When to Replace Your Tires

by Rich Ellis

Tires are one of a vehicle’s most important components because of the oversize role they play in affecting ride, handling, stopping distance, fuel mileage and safety. They are literally where the rubber meets the road.  That’s why it’s important to recognize when it’s time for new tires by following these tips. 


Tread depth


As tires wear, the tread depth becomes shallower, and the grip your tires can deliver – particularly in snow and rain – decreases too. New tires last 30,000 to 50,000 miles if cared for properly. Some all-season tires can last longer.  A quick look tells whether tires are nearing the end of their life.
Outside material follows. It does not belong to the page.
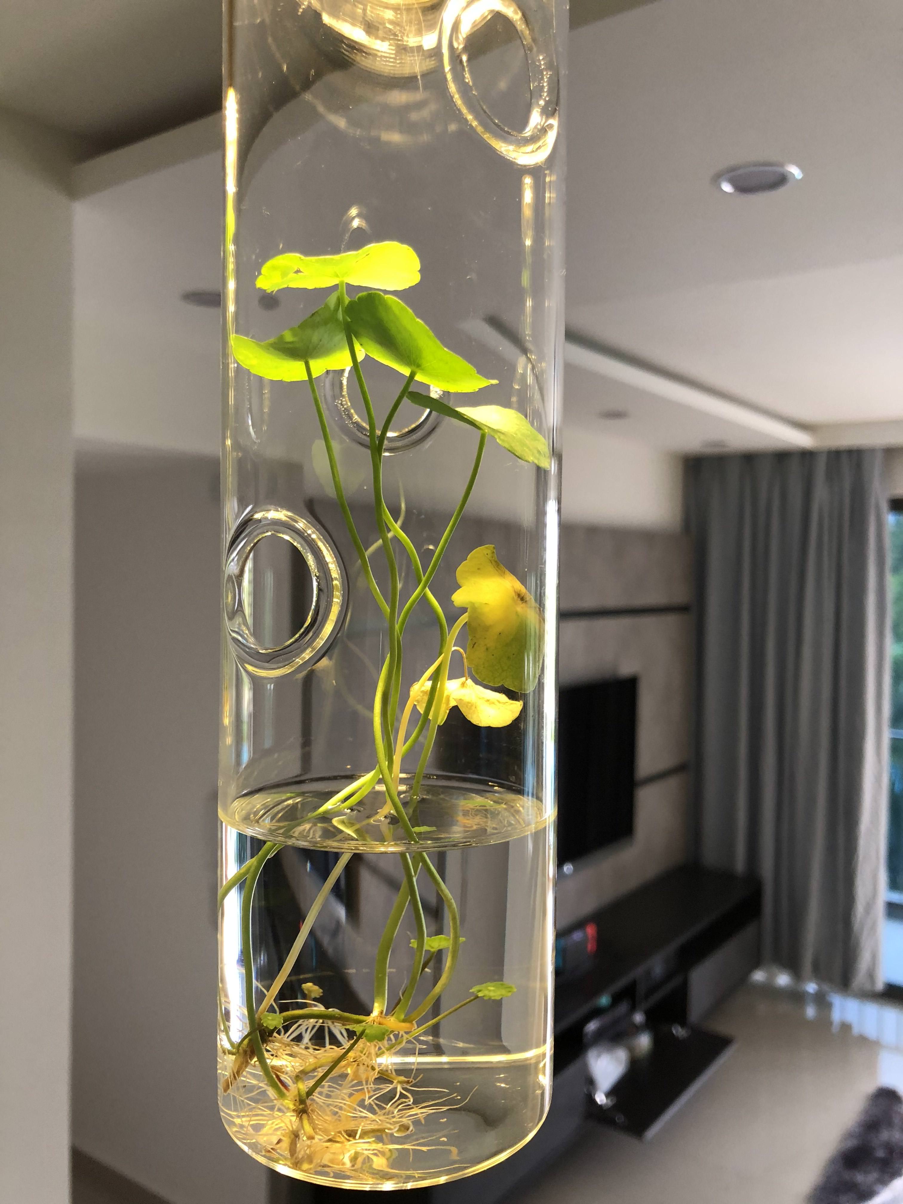铜钱草超好活的不用怎么管,黄的叶子弄下来丢掉,不然水会臭。但是,铜钱草要注意,最好别水培,根须太密集发达,我每次铜钱草水培水里都会发现蚊子幼虫。绿萝和常青藤就不会。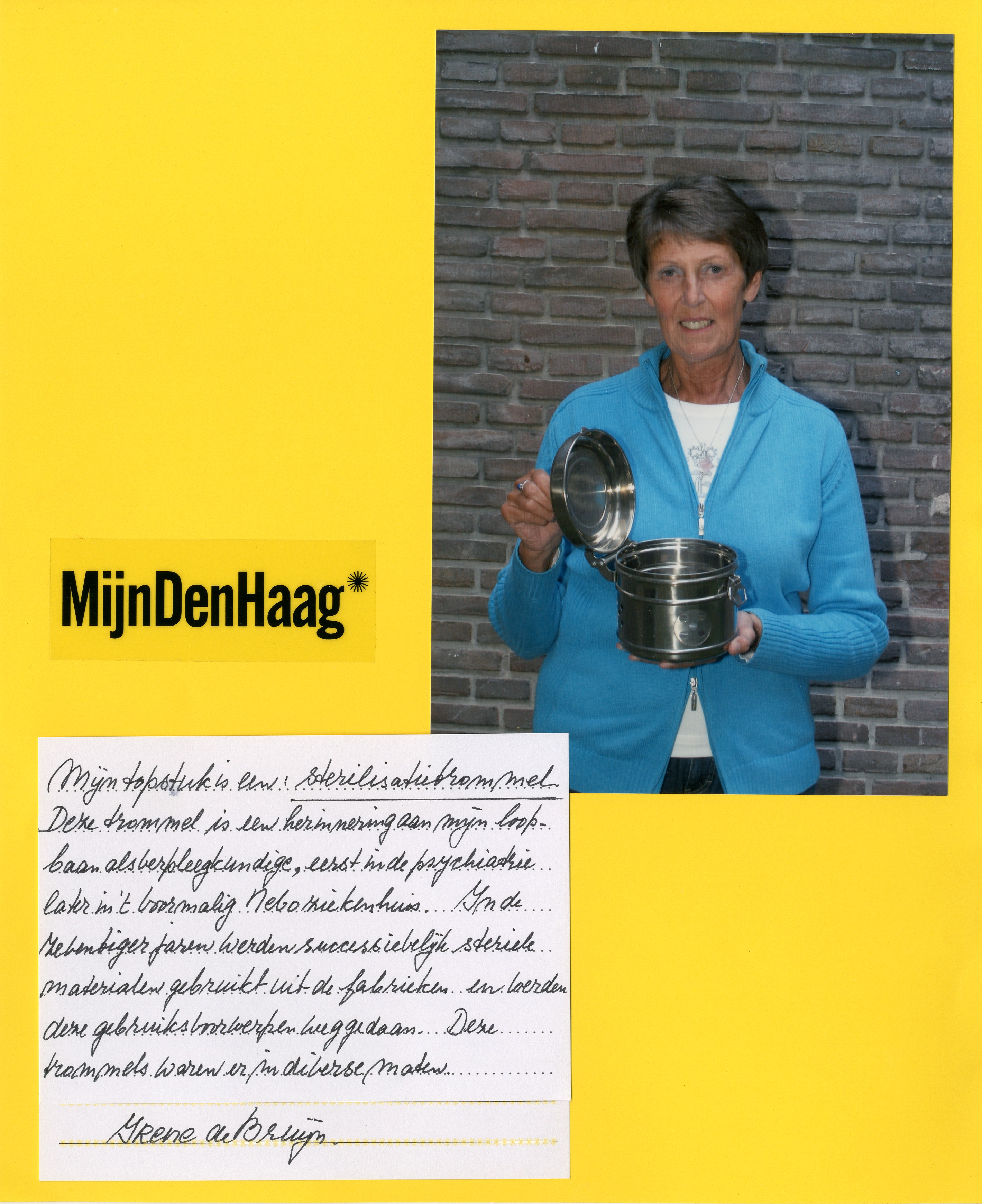 Het topstuk (sterilisatietrommel) van Irene de Bruijn

Examine the tread depth to see how deep it is. At the same time, look for raised bars that run perpendicular across the tire tread. The bars are wear indicators, and the closer they get to being level with the surface of the tread (2/32" of tread remaining), the sooner you’re going to need new tires. It’s recommended that tires be replaced before or when the tread depth is down to 2/32", as compared to an 11/32" depth when new. A tire tread depth gauge will provide that answer, or you can use the old “penny trick." Insert a penny, with Lincoln’s head facing down, into the tread. If all of Lincoln’s head is visible, your tires have less than 2/32" of tread depth and need to be replaced. 


Wear pattern


Tread depth should wear evenly across the tread and at the same rate on all four tires. However, a variety of factors can cause tires to wear unevenly, which is why they need to be rotated every 6,000 to 8,000 miles to help even out that wear. Look for signs of uneven wear, particularly on the outer edges of the tire’s tread where it often appears first. If the uneven wear can’t be stopped through rotation or fixing what’s causing the wear, the tire(s) may need to be replaced as the tread depth in the problem area becomes too shallow.


Tire Age


Tires typically wear out before they “age out," but on some vehicles, such as a trailer or car that’s used infrequently, the tires may need to be replaced simply because they’re too old. Depending on whom you ask, tires should be replaced six to ten years after their manufacture date. That’s because the chemical components in the tires begin to break down, subjecting them to potential dry rot and failure. Determine tire age by looking on the sidewall for a code that begins with DOT (U.S. Department of Transportation). The last four numbers indicate the week and year of manufacture – 2116 indicates the tire was made in the 21st week of 2016.


Replace all four tires


When it is time for new tires, it’s recommended to replace all four at the same time. On all-wheel drive vehicles, it’s practically mandatory. Here’s why:  as tread wears away, the tire’s circumference changes too. On an all-wheel drive vehicle, if you replace just one tire, that new tire’s circumference will be different from the other tires, and that can wreak havoc on drivetrain components, damaging the transmission and/or CV (constant velocity) joints. And on any type of vehicle, if you replace only the front tires but still have worn rear tires, the odds of experiencing a spin increase – particularly in bad weather – because the rear tires may lose contact with the road.


Take care of your tires – and your passengers’ safety – by inspecting tire tread depth and wear pattern at every oil change, and by checking tire pressure at least monthly.